MATERIAL PROVIDED:
########

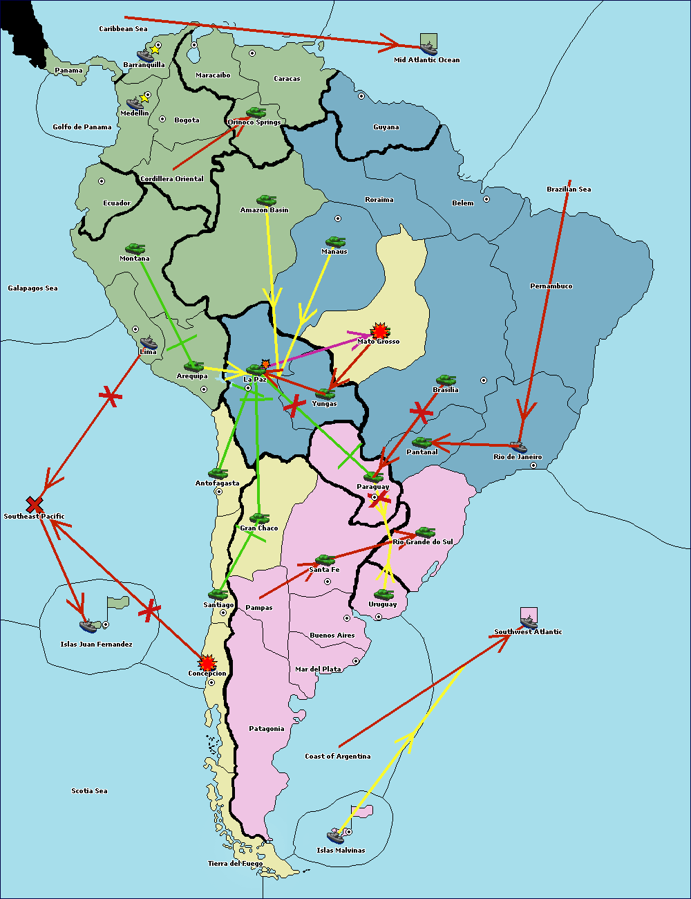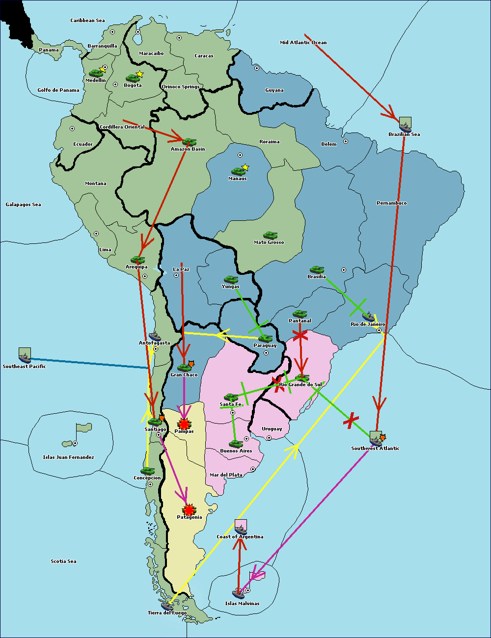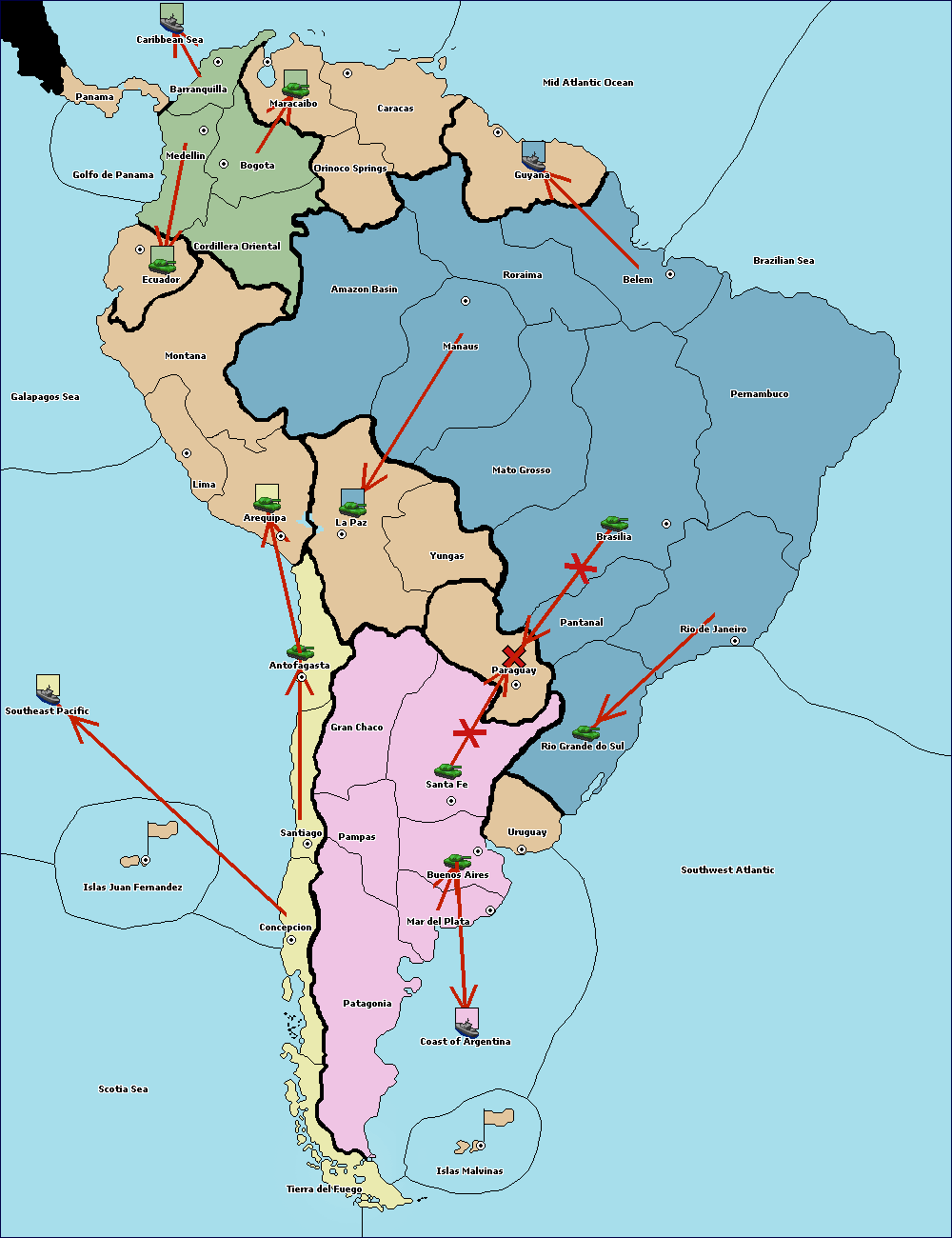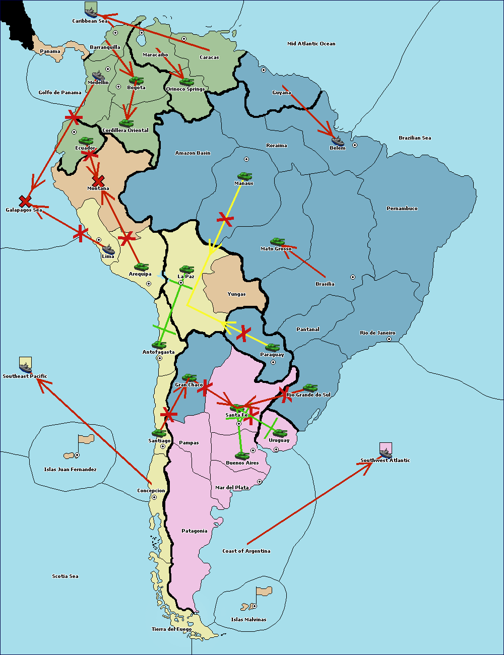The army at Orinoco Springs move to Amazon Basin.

########

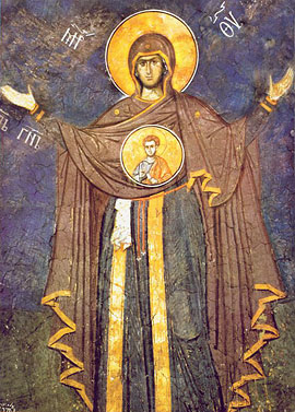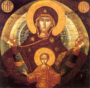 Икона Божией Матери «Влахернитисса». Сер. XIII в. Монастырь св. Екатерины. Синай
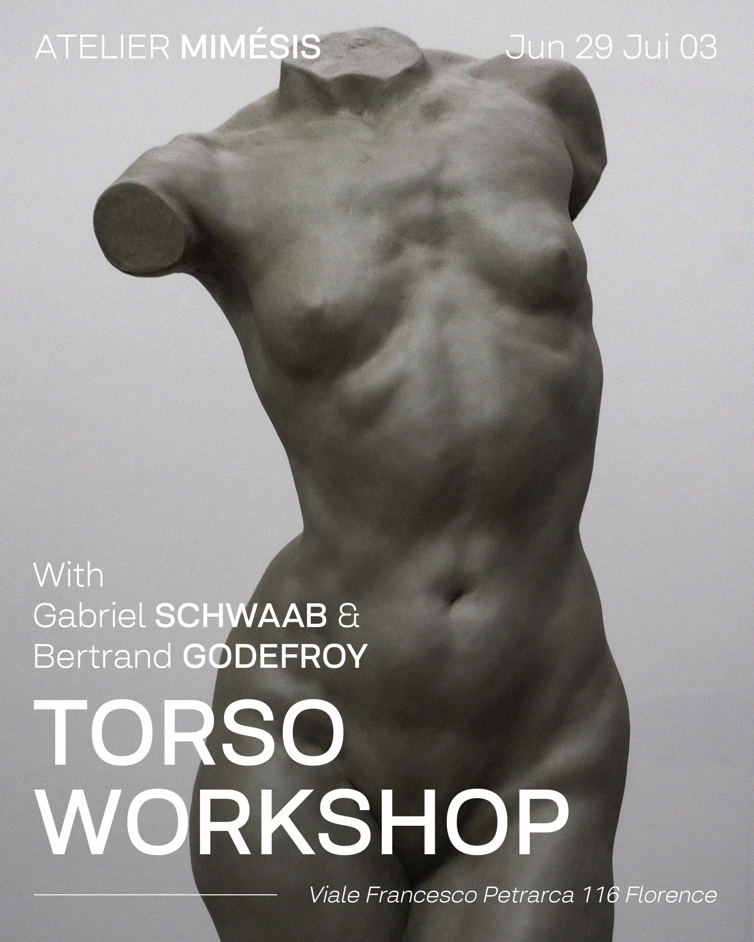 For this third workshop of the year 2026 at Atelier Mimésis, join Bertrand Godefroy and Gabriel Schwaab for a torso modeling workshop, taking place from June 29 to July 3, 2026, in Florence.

########

In the listing above, find the line containing "Икона Божией Матери" and the line containing "For this third", then write out both of them and every line between, exactly, with no pictures.

TASK OUTPUT:
 Икона Божией Матери «Влахернитисса». Сер. XIII в. Монастырь св. Екатерины. Синай
 For this third workshop of the year 2026 at Atelier Mimésis, join Bertrand Godefroy and Gabriel Schwaab for a torso modeling workshop, taking place from June 29 to July 3, 2026, in Florence.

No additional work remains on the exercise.